Within the département of the Drôme, lies an anomaly known as L’Enclave des Papes, an island of land that technically belongs within Vaucluse and incorporates the four communes of Grillon, Valréas, Visan and Richerenches. Whilst Grillon might be known to tourists for its impressive château, and both Valréas and Visan will be familiar names to the amateurs du vin of the Southern Rhône, so unless you’re an avid lover of truffles, it’s unlikely you’ll have ever heard of the village of Richerenches.

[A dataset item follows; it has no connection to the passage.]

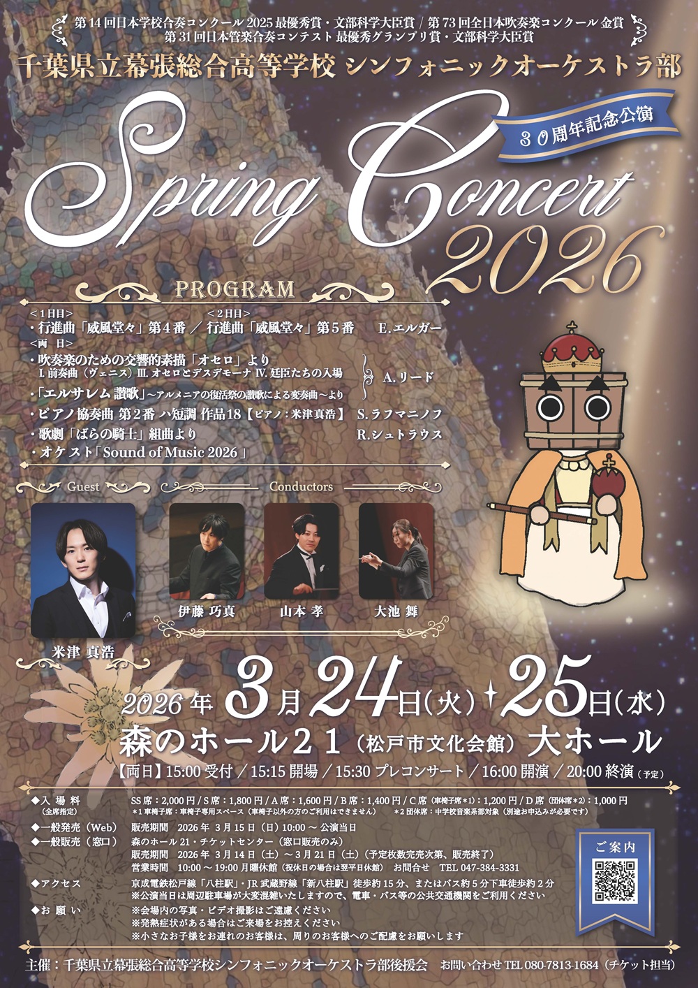 今年度を締めくくる本公演は、第30周年記念公演となり、ソリスト 米津 真浩氏との「ピアノ協奏曲 第2番 ハ短調 作品18」をはじめ、ステージパフォーマンスとミュージカル等を融合させたオリジナルショー“オケスト”「Sound of Music 2026」、全日本吹奏楽コンクールで披露した『吹奏楽のための交響的素描「オセロ」より I.前奏曲(ヴェニス)Ⅲ.オセロとデスデモーナ Ⅳ.廷臣たちの入場』など、多彩なプログラムをお楽しみいただけます。
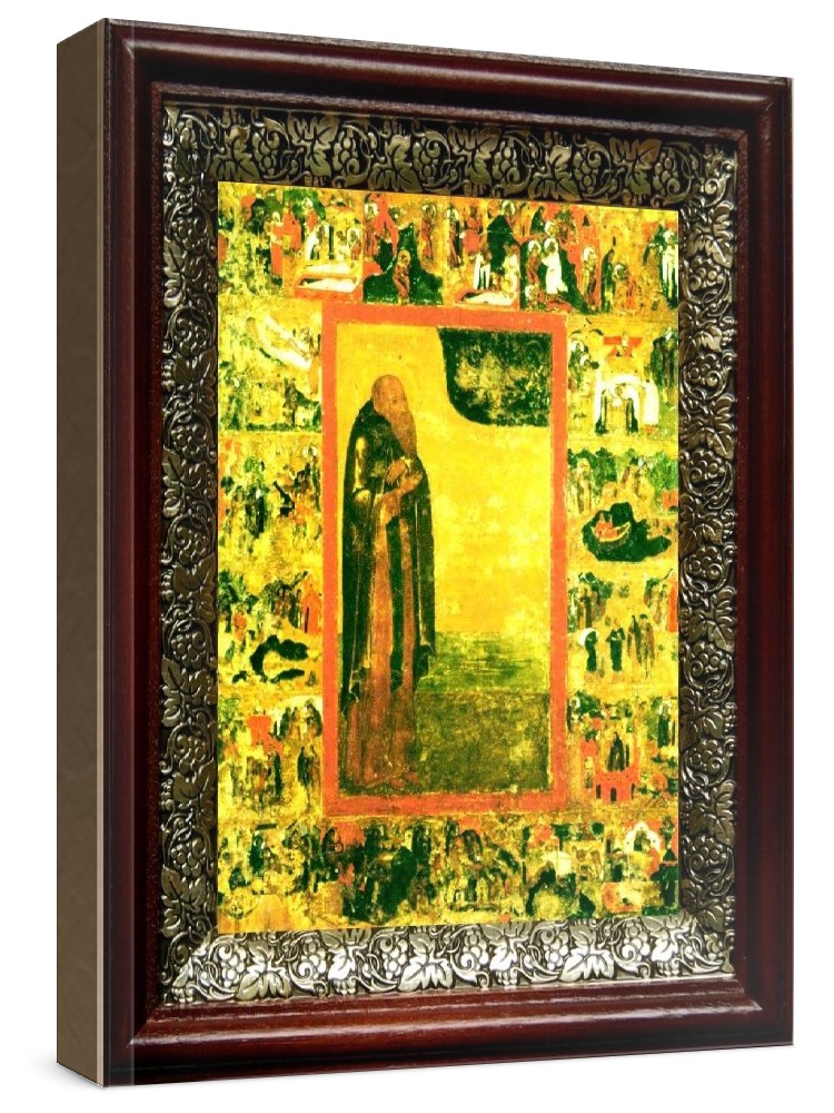 Икона антоний сийский (19х22), темный киот. Лик нанесен методом шелкографии на цельную липовую доску, покрытую левкасом (специальным грунтом под живопись). Использованы минеральные (природные) краски. Размер иконы без киота (см): 13х16, с киотом: 19х22. Киот со стеклом, выполнен из березы и украшен басмой (узор из черненой меди в виде виноградной лозы). Икона освящена.

Once the most important stronghold of the Knights Templars in Provence, the village is, however, most famous today for its truffle market which happens once a week during the season, culminating in the messe aux truffes, which is held on the third Sunday in January, when donations to the church are given not in money, but with the local black diamonds. The truffles are taken from the church by the local brotherhood and auctioned in the small square in front of the Hôtel de Ville.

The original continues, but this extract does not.